# Who is your favorite chocolate maker?



## catciao (Jan 23, 2002)

I'm doing research on global chocolatiers and I would like to know who you think produces the best chocolate and why. I'd especially like to know of any small producers from countries other than France and Italy. Hey, but if Valrhona is your favorite, tell me why you prefer it over others brands.


----------



## headless chicken (Apr 28, 2003)

I've only used Nestle's Noir, Lindt, and Valrhona and I like them all for different reasons.

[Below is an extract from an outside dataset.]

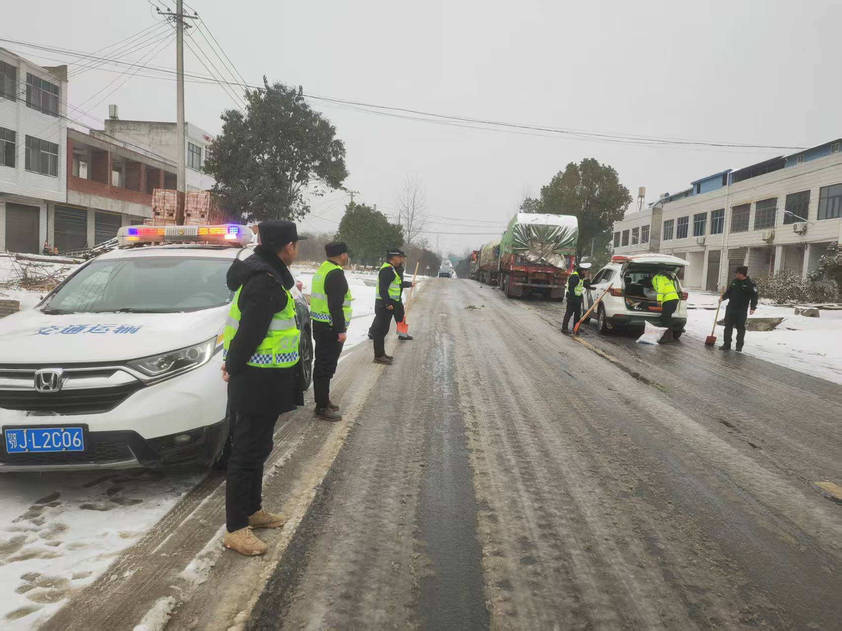 二、三、六中队对重点路段进行了巡查,对极易结冰的路段和桥梁撒布融雪剂,目前道路均安全畅通。

Noir - inexpensive, good flavor (for the $ you pay for), I had easy access to it until recently when the Nestle's Company Store stopped carrying it
Lindts - used this in school and its smooth, good flavor, relativily inexpensive, I can purchase in bulk quantities from my college
Valrona - best flavor and variety (chocolate from different regions of the worl), my beef is that its really expensive.


----------



## artameates (Mar 10, 2004)

In Cooks Illustrated, they rated cocoa powders. Dutch processed was prefered over natural in hot chocolate, pudding, shortbread, devils food cake and pudding cake testings. Thourough, arent they...

Best Dutch pro.
1. Callebaut (Best overall)
2. Hersheys european style (best value)
3 droste
4 schkinag
5 valrhona

Best natural
1 merckens
2 hersheys
3 nestles toll house
4 ghirardelli
5 scharffen berger


----------



## phishstyx (May 21, 2003)

I use Callebaut almost exclusively. I'm in a remote area with not the greatest resources available but I can order Callebaut in large quantities for a fairly reasonable cost considering what most quality chocolate costs. I love Callebaut for eating and that's my main test for whether or not I want to use something in the kitchen. I like Lindt (not as well as Callebaut but it's still very good) but don't have a source for bulk quantities and it's too expensive buying even the large bars in quantity locally. Valrhona is excellent as well but is definitely cost prohibitive here for large scale use.


----------



## coquille (Feb 16, 2004)

Dutch processed was prefered over natural 

thanks for the vote of confidence but callebaut is Belgium.....


----------



## rachel (Oct 27, 2001)

In terms of chocolatiers my favourite is Enric Rovira from Barcelona. Does chocolate in tile shapes like the slabs on Barcelona streets, fabulous chocolate flakes for hot chocolate and has a web-site which is under construction
http://www.enricrovira.com/


----------



## madl (Mar 6, 2005)

the best chocolate for me is Valrhona
but the best chocolate maker is ---> *MADL* from Austria


----------



## mikeb (Jun 29, 2004)

Barry Callebaut is the one I use most, it's very good.


----------